With respect to (translation): given the instrumental acceptance of positive truth, the proponent of positive truth in such purely mathematical cognitive projects has good reasons to reject the translation \((*)\) given by pragmatic considerations; the translation would bring the inconsistency back, threatening the success of the cognitive enquiry.

Let me conclude with a clarification: although sketched, I think that these responses are good options available to the proponent of positive truth. However, it should be added that by focussing on instrumental acceptance the proponent of positive truth may have too easy answers to (translation) and (warrant): at the moment, she is only able to respond to these challenges via pragmatic considerations. On ther other hand, the proponent of full disquotational truth might even have a philosophical argument for her warrant to acceptance the theories of full disquotational truth: the truth predicate of full disquotational truth theories embodies, or captures, some informal concept of full disquotational truth.⁵¹

The challenge to provide a philosophical argument for the choice of positive truth and falsity, which is not simply pragmatic, is still open.
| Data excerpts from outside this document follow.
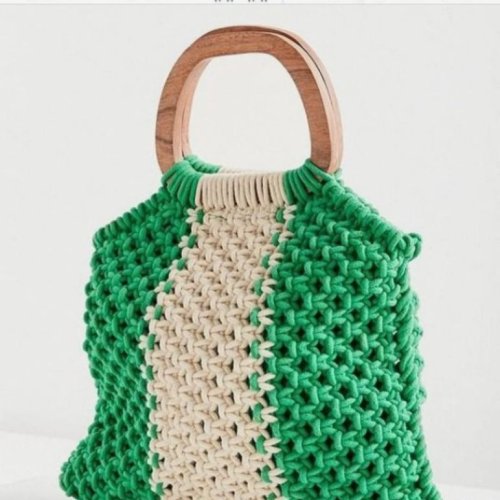 Green Handcrafted Macrame Hand Bag with Wood Handle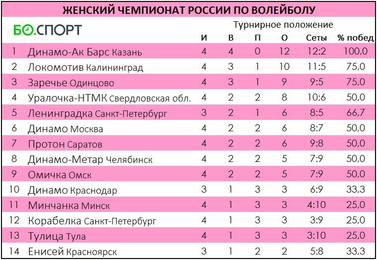 Сегодня матчем в Красноярске завершился 4-й тур в открытом женском чемпионате России по волейболу.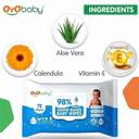 Oyo Baby 98% Water Wipes With Aloe Vera And Vitamin E, Calendula Extracts Baby Wipes (72 Wipes)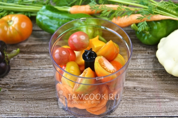 Вымоем овощи, морковь очистим и нарежем на кружочки, сложим в чашу блендера.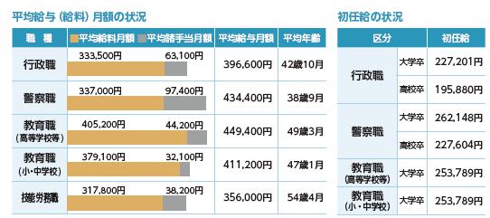 県職員の給与は、生計費や民間企業の賃金、国や他の地方公共団体の職員との均衡を考慮した上で、条例により定められています。職種別の平均給与月額などの現状は、次のとおりです。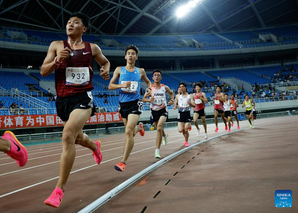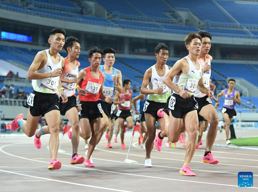 Athletes compete during the men's 5000m final at the 2023 China's National Athletics Championships, a qualification trial for World Athletics Championships Budapest 23 and the Hangzhou Asian Games in Shenyang, northeast China's Liaoning Province, June 27, 2023. (Xinhua/Long Lei)

I think that the proponent of positive truth and falsity might at least have the following option: she could try to understand the concept of truth as expressing some epistemic notions similar to warranted assertibility.⁵² Alternatively, one could understand truth as the stronger notion of super-assertibility.⁵³ Under these interpretations, the proponent of positive truth (and falsity) should have good philosophical reasons to reject the translation (*) and would therefore have a philosophical answer to (translation).⁵⁴

However, one would have to explain how the notion of warranted assertibility (resp. super-assertibility) motivates the choice of the positive biconditionals. Moreover, the proponent of positive truth would also have to address the usual objections against the thesis that truth can be understood as an epistemic concept.⁵⁵ After that, the proponent of positive truth would have to at least assess whether this philosophical argument for positive truth provides good answers to (warrant), (translation) and (project).